Celle de l’appropriation culturelle

La fierté de voir deux, trois têtes d’affiche chez les grandes maisons, certes, mais le constat reste le même. les milieux populaires ne bénéficient pas de la richesse générée autour du sportswear pourtant inspiré de chez eux. Trouver du travail dans le monde de la mode ne devient pas pour autant plus facile.

Celle de la marge de progression encore bien visible

Le monde de la mode demeure faussement inclusif. Il est encore difficile de voir représentés des profils non blancs, des personnes grosses, handicapées ou des femmes qui portent le voile.

Celle des rapports nord/sud déséquilibrés

La plupart de nos vêtements sont produits par des usines implantées dans des pays du sud. travail forcé, employés sous-payés, enfants et femmes exploités, sans oublier le désastre pour la planète : la fast fashion est une vraie catastrophe socio-environnementale.

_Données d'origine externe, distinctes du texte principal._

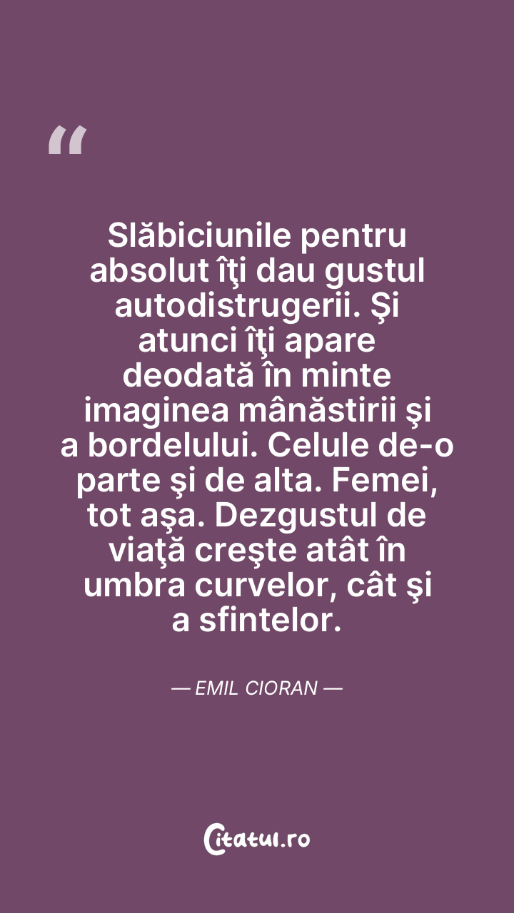 Slăbiciunile pentru absolut îţi dau gustul autodistrugerii. Şi atunci îţi apare deodată în minte imaginea mânăstirii şi a bordelului. Celule de-o parte şi de alta. Femei, tot aşa. Dezgustul de viaţă creşte atât în umbra curvelor, cât şi a sfintelor. Emil Cioran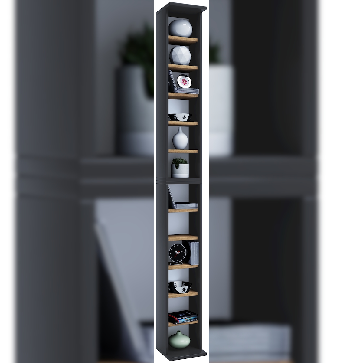 VCM Standregal Bigol Anthrazit / Honig-Eiche H. 180 x B. 21 x T. 20 cm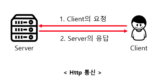 Http통신은 Client의 요청이 있을 때만 Server가 응답하여 처리를 한 후에 연결을 끊는 방식이다. 이러한 연결 방식은 Client가 요청을 보내는 경우에만 Server가 응답하는 단방향적 통신으로, Server가 Client로 요청을 보낼수는 없다.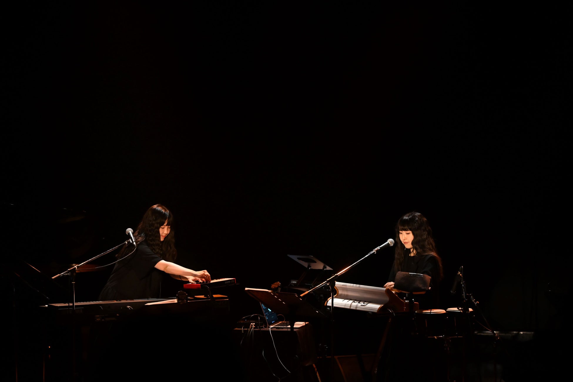 最初に演奏されたのは、未音源化の新曲だ。MonaとHinaはそれぞれキーボードとシンセの前に立ち、PCでの同期やコントローラーも使いながら、低音のデジタルビートをどんどん繰り出し、第一幕とは違う世界へとオーディエンスを連れていく。ピアノを弾いていた時は客席に背中を向けていたが、正面を向いたことでふたりの手元がよく見え、オーディエンスも“どこからこの音が鳴っているんだろう”と言わんばかりに、食い入るように演奏を見つめていた。曲の途中ではHinaがMonaのキーボードの隣に行って力強く連弾をする場面もあり、展開の多さに驚きを隠せない。壮大な世界観の中にどこかひんやりした印象を感じるナンバーだった。

Même si les grandes maisons s’essayent à l’inclusion, les férus de mode issus de quartiers populaires n’hésitent plus à intégrer ce monde à l’origine si peu inclusif. Et si la mode de demain était “une mode par tous et pour tous” ? C’est ce à quoi s’essayent l’école Casa 93 avec Nadine Gonzales mais aussi les designers Youssouf Fofana, Cheyma, Farah Ack et bien d’autres. Casser les portes, bousculer les habitudes et revaloriser les cultures populaires, ce sont les maîtres-mots pour ces designers made in bendo qui révolutionnent le monde de la mode.